• SOURCE DATA
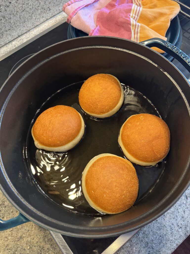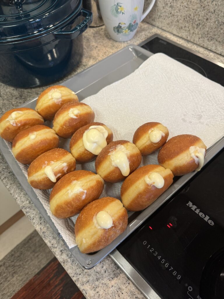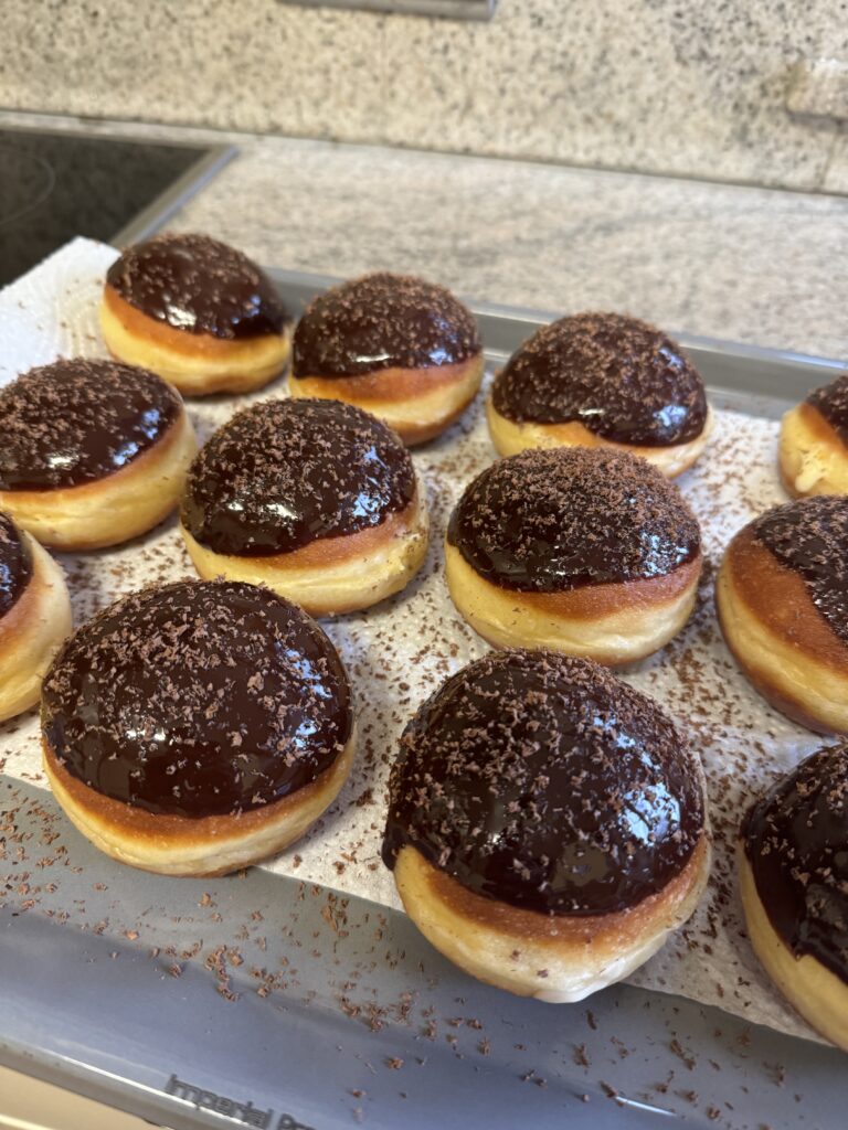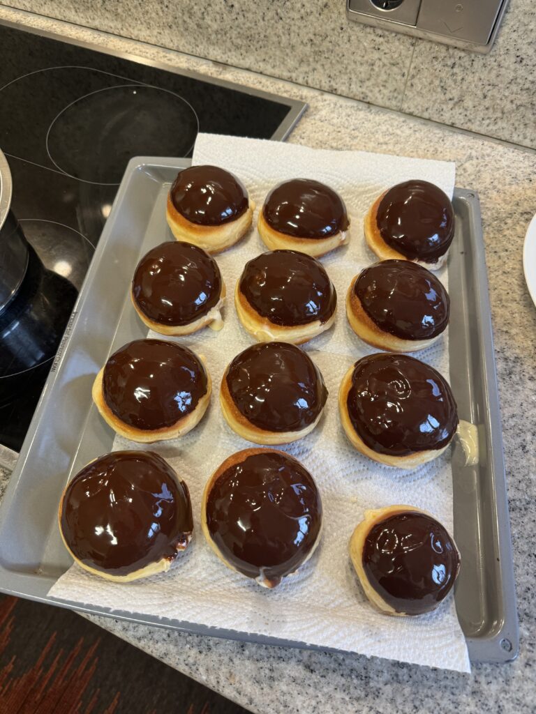 Wer kann frittierten Teig schon widerstehen? Ich jedenfalls nicht. Pünktlich zu Fasching gab es die dazugehörigen Krapfen, fluffig weich und gefüllt mit reichlich Marillenmarmelade. Am Ende noch eine illegale Version, gefüllt mit Vanille und überzogen mit Schokolade. Für das letzte Foto muss ich mich entschuldigen, das wirkt ungewollt(!) pornografisch..
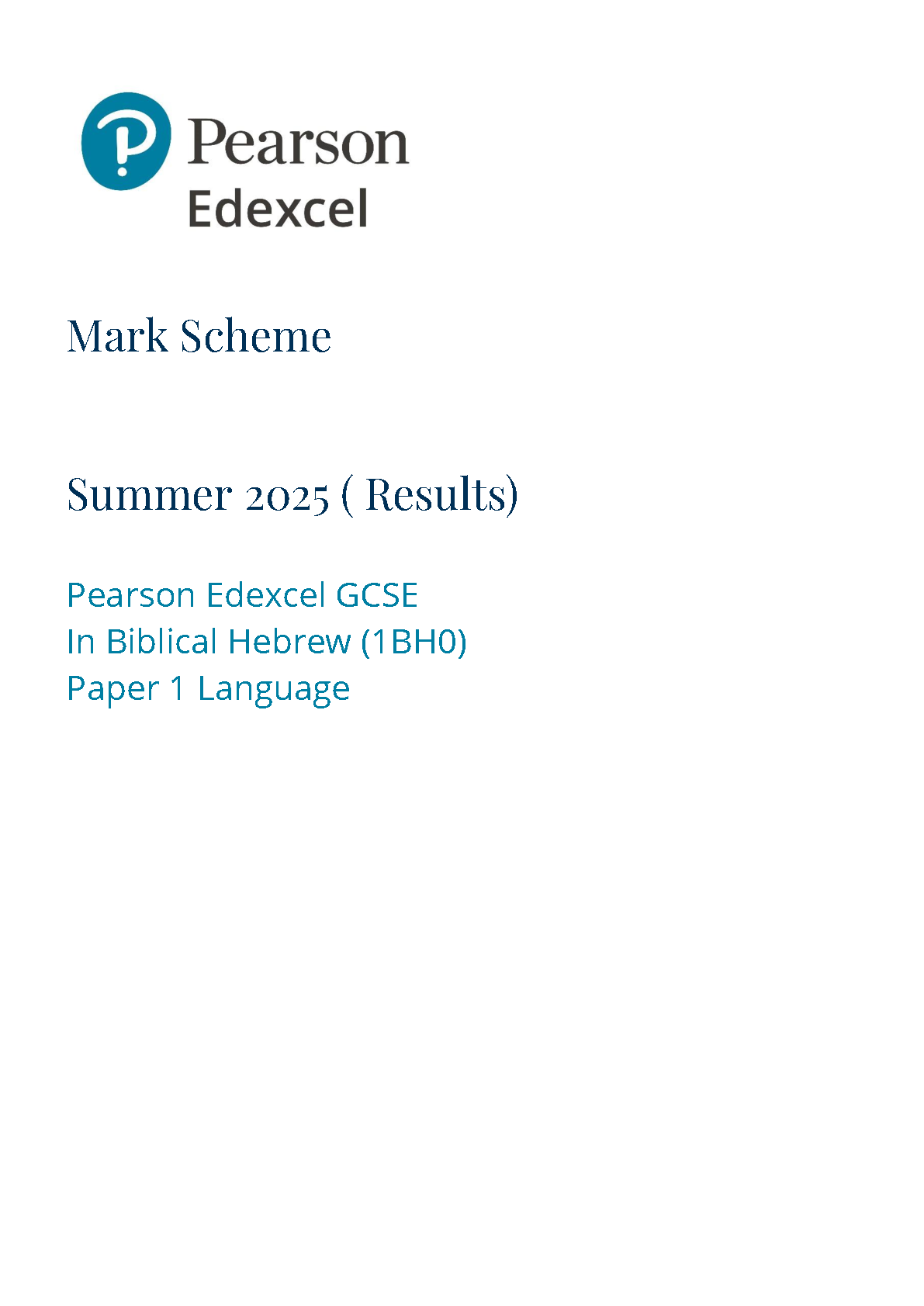 pearson edexcel gcse biblical hebrew paper 1 2025 mark scheme (1bh0/01: component 1: language). download this verified p...
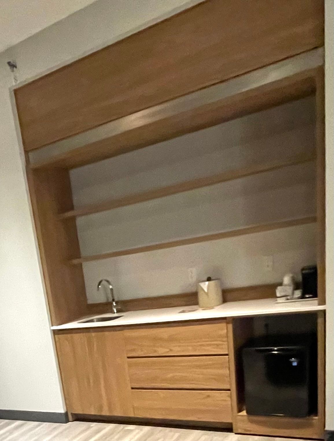 One slightly odd feature was the kitchen area. A large amount of bench space and shelving, clearly built to support a full kitchenette, but fitted out with very little. A sink, kettle, and fridge, and not much else. It didn’t matter here, but it stood out.
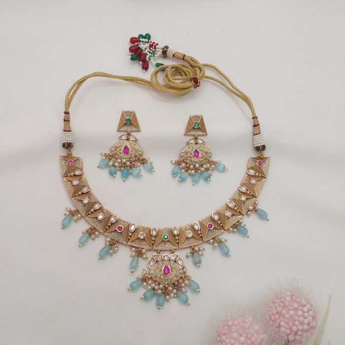 - Rajkumari Aqua Kundan Necklace Setwas ₹0.00 Special Price ₹0.00
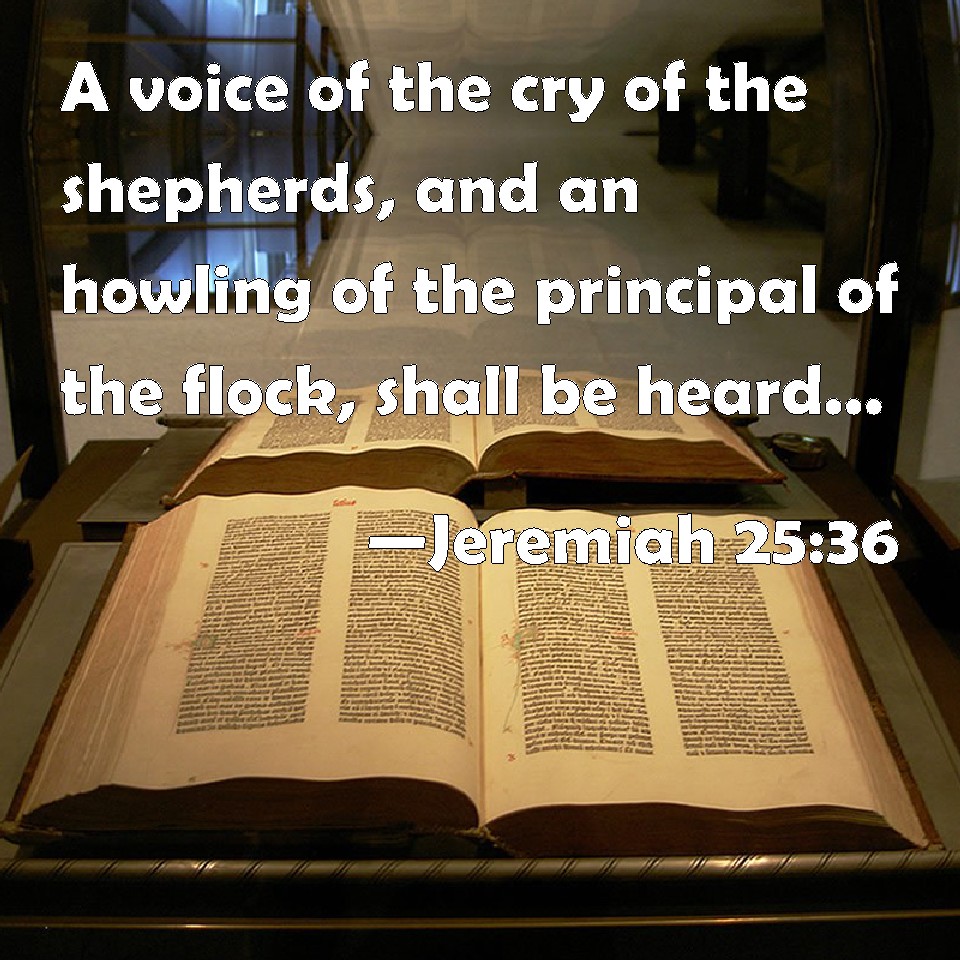 Choose a Background Jeremiah 25:36 A voice of the cry of the shepherds, and an howling of the principal of the flock, shall be heard: for the LORD has spoiled their pasture. KJV: A voice of the cry of the shepherds, and an howling of the principal of the flock, shall be heard: for the LORD hath spoiled their pasture. DRB: A voice of the cry of the shepherds, and a howling of the principal of the flock: because the Lord hath watsed their pastures. DBT: There shall be a voice of the cry of the shepherds, and a howling of the noble ones of the flock: for Jehovah layeth waste their pasture; ERV: A voice of the cry of the shepherds, and the howling of the principal of the flock! for the LORD layeth waste their pasture. WBT: A voice of the cry of the shepherds, and a howling of the principal of the flock, shall be heard: for the LORD hath laid waste their pasture. WEB: A voice of the cry of the shepherds, and the wailing of the principal of the flock! for Yahweh lays waste their pasture. YLT: A voice is of the cry of the shepherds, And a howling of the honourable of the flock, For Jehovah is spoiling their pasture.Links Jeremiah 25:36 NIV • Jeremiah 25:36 NLT • Jeremiah 25:36 ESV • Jeremiah 25:36 NASB • Jeremiah 25:36 KJV • Jeremiah 25:36 Interlinear • Jeremiah 25:36 Commentaries • Jeremiah 25:36 Parallel Texts • Jeremiah 25:36 Bible Apps • Jeremiah 25:36 Parallel • Bible Hub |
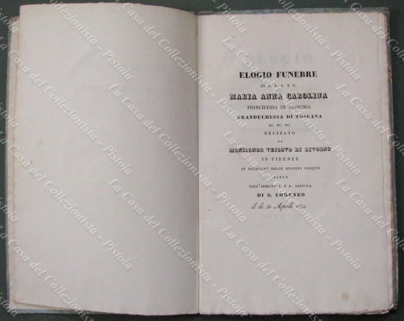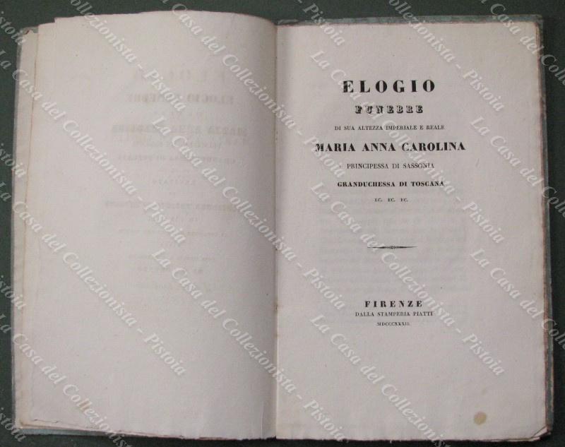 1832. ELOGIO FUNEBRE DI S.A.R.I. MARIA ANNA CAROLINA PRINCIPESSA DI SASSONIA GRANDUCHESSA DI TOSCANA. Firenze, Stamperia Piatti

• REQUIRED WORK
Everything in the entries except the pictures must be duplicated exactly.

• SOLVED PROBLEM
 Wer kann frittierten Teig schon widerstehen? Ich jedenfalls nicht. Pünktlich zu Fasching gab es die dazugehörigen Krapfen, fluffig weich und gefüllt mit reichlich Marillenmarmelade. Am Ende noch eine illegale Version, gefüllt mit Vanille und überzogen mit Schokolade. Für das letzte Foto muss ich mich entschuldigen, das wirkt ungewollt(!) pornografisch..
 pearson edexcel gcse biblical hebrew paper 1 2025 mark scheme (1bh0/01: component 1: language). download this verified p...
 One slightly odd feature was the kitchen area. A large amount of bench space and shelving, clearly built to support a full kitchenette, but fitted out with very little. A sink, kettle, and fridge, and not much else. It didn’t matter here, but it stood out.
 - Rajkumari Aqua Kundan Necklace Setwas ₹0.00 Special Price ₹0.00
 Choose a Background Jeremiah 25:36 A voice of the cry of the shepherds, and an howling of the principal of the flock, shall be heard: for the LORD has spoiled their pasture. KJV: A voice of the cry of the shepherds, and an howling of the principal of the flock, shall be heard: for the LORD hath spoiled their pasture. DRB: A voice of the cry of the shepherds, and a howling of the principal of the flock: because the Lord hath watsed their pastures. DBT: There shall be a voice of the cry of the shepherds, and a howling of the noble ones of the flock: for Jehovah layeth waste their pasture; ERV: A voice of the cry of the shepherds, and the howling of the principal of the flock! for the LORD layeth waste their pasture. WBT: A voice of the cry of the shepherds, and a howling of the principal of the flock, shall be heard: for the LORD hath laid waste their pasture. WEB: A voice of the cry of the shepherds, and the wailing of the principal of the flock! for Yahweh lays waste their pasture. YLT: A voice is of the cry of the shepherds, And a howling of the honourable of the flock, For Jehovah is spoiling their pasture.Links Jeremiah 25:36 NIV • Jeremiah 25:36 NLT • Jeremiah 25:36 ESV • Jeremiah 25:36 NASB • Jeremiah 25:36 KJV • Jeremiah 25:36 Interlinear • Jeremiah 25:36 Commentaries • Jeremiah 25:36 Parallel Texts • Jeremiah 25:36 Bible Apps • Jeremiah 25:36 Parallel • Bible Hub |
 1832. ELOGIO FUNEBRE DI S.A.R.I. MARIA ANNA CAROLINA PRINCIPESSA DI SASSONIA GRANDUCHESSA DI TOSCANA. Firenze, Stamperia Piatti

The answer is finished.